当サイトで使われている「UP・DOWN・RANGE・TRANSITION」という4つの相場フェーズについて、初心者にもわかりやすく解説します。今の株価がどんな状態にあるのか、ひと目でわかるようになります。

【初心者向け】当サイトの「4つのフェーズ」とは?チャートの見方を解説

「今日株価が上がったから買おう」「下がったから売ろう」 ……毎日の細かな値動き(ノイズ)に振り回されていると、相場の大きな波を見失ってしまいます。

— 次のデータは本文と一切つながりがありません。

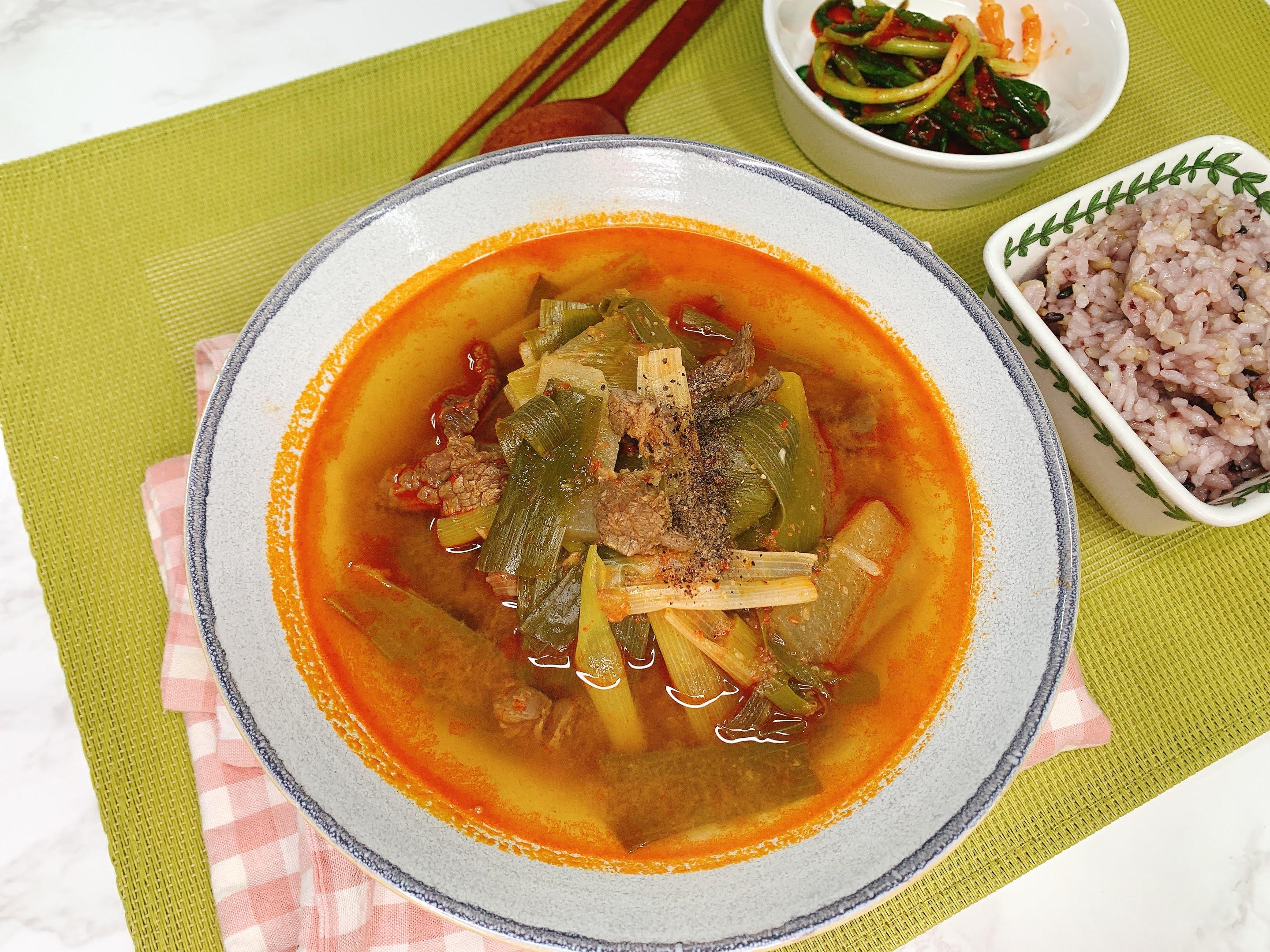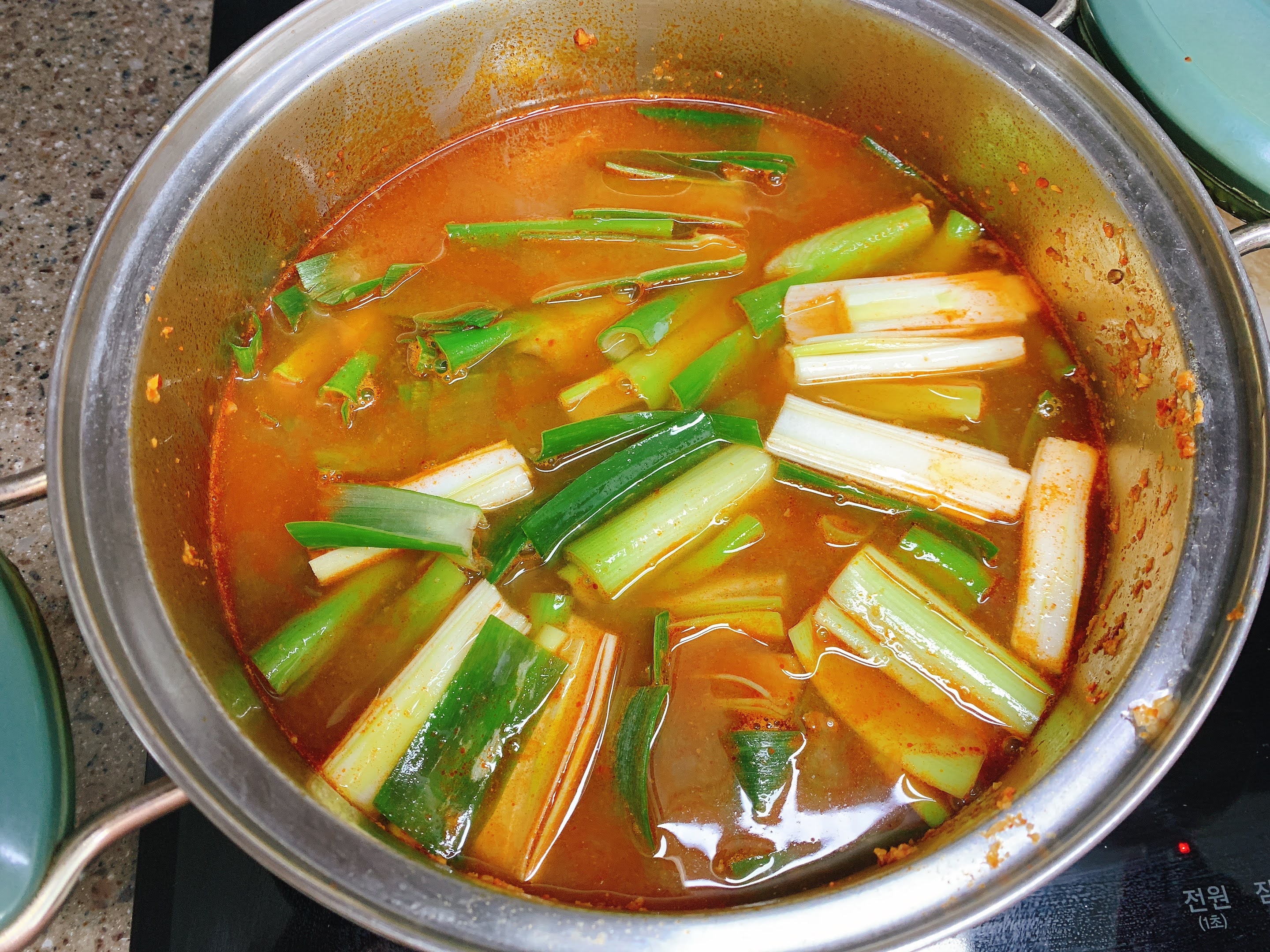 이번엔 소고깃국에 대파듬뿍 넣고 끓였어요
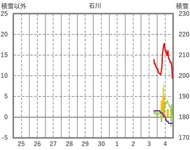 | 日 | 時 | 気温 | 降水 | 風向/風速 | 日照 | 積雪 | 降雪 |

ダウ理論による日本株では、相場の基本である ダウ理論(高値と安値の切り上げ・切り下げ) をベースにして、今のチャートがどのような状態なのかを 「UP」「DOWN」「RANGE」「TRANSITION」という4つのフェーズ(段階) でわかりやすく分類・表示しています。

このページでは、当サイトを利用する上で知っておきたい「4つのフェーズの意味」と「見方のコツ」を解説します。


1). 全体像:フェーズは「相場の状態ラベル」

フェーズとは、今の株価が「上昇の階段を登っているのか」「下落の階段を降りているのか」「踊り場で休んでいるのか」を示す状態ラベルです。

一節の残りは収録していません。